How Agriculture Uses Energy
- Nov 12, 2016 3:00 pm GMTJul 7, 2018 10:05 pm GMT
- 9971 views
When we think of ways to reduce emissions of toxic gas contributing to global warming, the suggestions brought up first are usually buying a car that has better gas mileage, recycling and composting, or buying energy-efficient appliances. All of these are excellent ways to help reduce energy consumption.
Agriculture in America, however, is responsible for about 14-18 percent of overall greenhouse gas emissions.
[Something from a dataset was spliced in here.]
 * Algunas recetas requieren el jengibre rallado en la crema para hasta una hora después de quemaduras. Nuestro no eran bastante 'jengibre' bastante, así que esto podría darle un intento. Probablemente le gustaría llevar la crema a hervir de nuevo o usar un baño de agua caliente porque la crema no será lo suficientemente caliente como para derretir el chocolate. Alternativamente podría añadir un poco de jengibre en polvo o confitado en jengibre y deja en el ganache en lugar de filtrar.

In terms of solving the worldwide energy crisis, one of the best solutions is staring us right in the plate.
Energy Consumption of Farm Equipment
Each stage of farming requires the use of equipment and machinery that burn fossil fuels. When we burn these fuels, we add to the greenhouse gasses in the air – such as carbon dioxide, methane, and nitrous oxide – that result in raising the Earth’s temperature.
While tractors may be the first piece of equipment that comes to mind when farm equipment is mentioned, other energy-consuming machines don’t get as much attention. For example, we don’t usually associate slaughtering animals with water consumption, but we should. Slaughtering just one animal can use up to 132 gallons of water.
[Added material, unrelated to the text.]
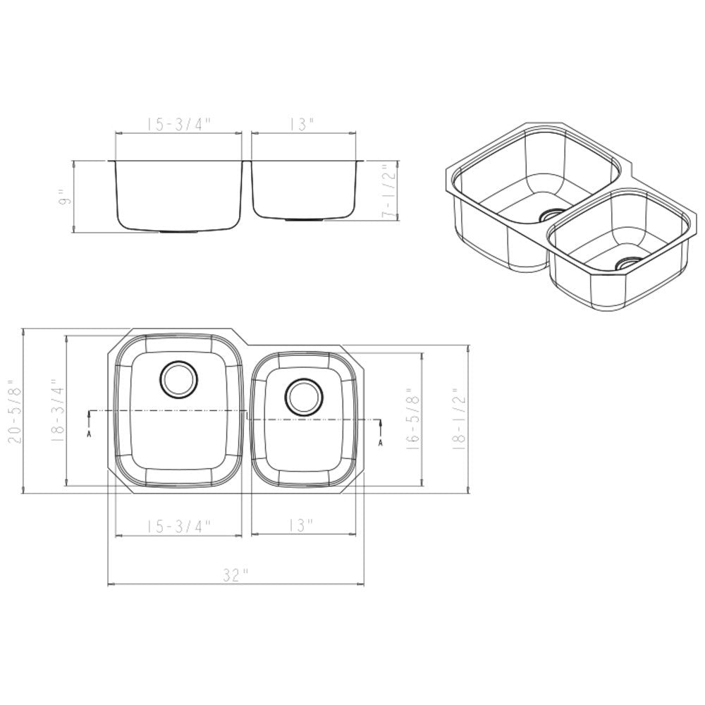 32" L x 20-5/8" W x 9" D Undermount 18 Gauge Stainless Steel 60/40 Double Bowl Sink

That matters because the water doesn’t just appear – it has to be pumped in and out of the slaughterhouse. Those pumps run on electricity, which runs on fossil fuels. When the fact that roughly 55 billion animals are slaughtered each year is considered, this is truly astounding.
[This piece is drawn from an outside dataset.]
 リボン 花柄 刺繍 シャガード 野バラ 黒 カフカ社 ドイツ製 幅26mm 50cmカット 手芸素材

Although farmers can’t control the demand for meat, there is still a way to reduce reliance on fossil fuels in farming. Specifically, farmers who increase the amount of land that is no-till – for example, not cultivating dirt before planting seeds – reduce soil erosion as well as decrease overall diesel consumption. In fact, if farmers collectively doubled the acreage that is no-till, it could save up to 217 million gallons of diesel fuel each year.
Energy Consumption in Processing, Packaging, and Transporting Food
Producing food, whether it be through growing crops or raising cattle for slaughter, is only part of the equation. How the food makes it to your plate also factors into agriculture’s dependence on fossil fuel.
Although the amount of fuel it takes to transport food is enormous, even if we only ate local produce and dairy we would still have an area of waste: packaging.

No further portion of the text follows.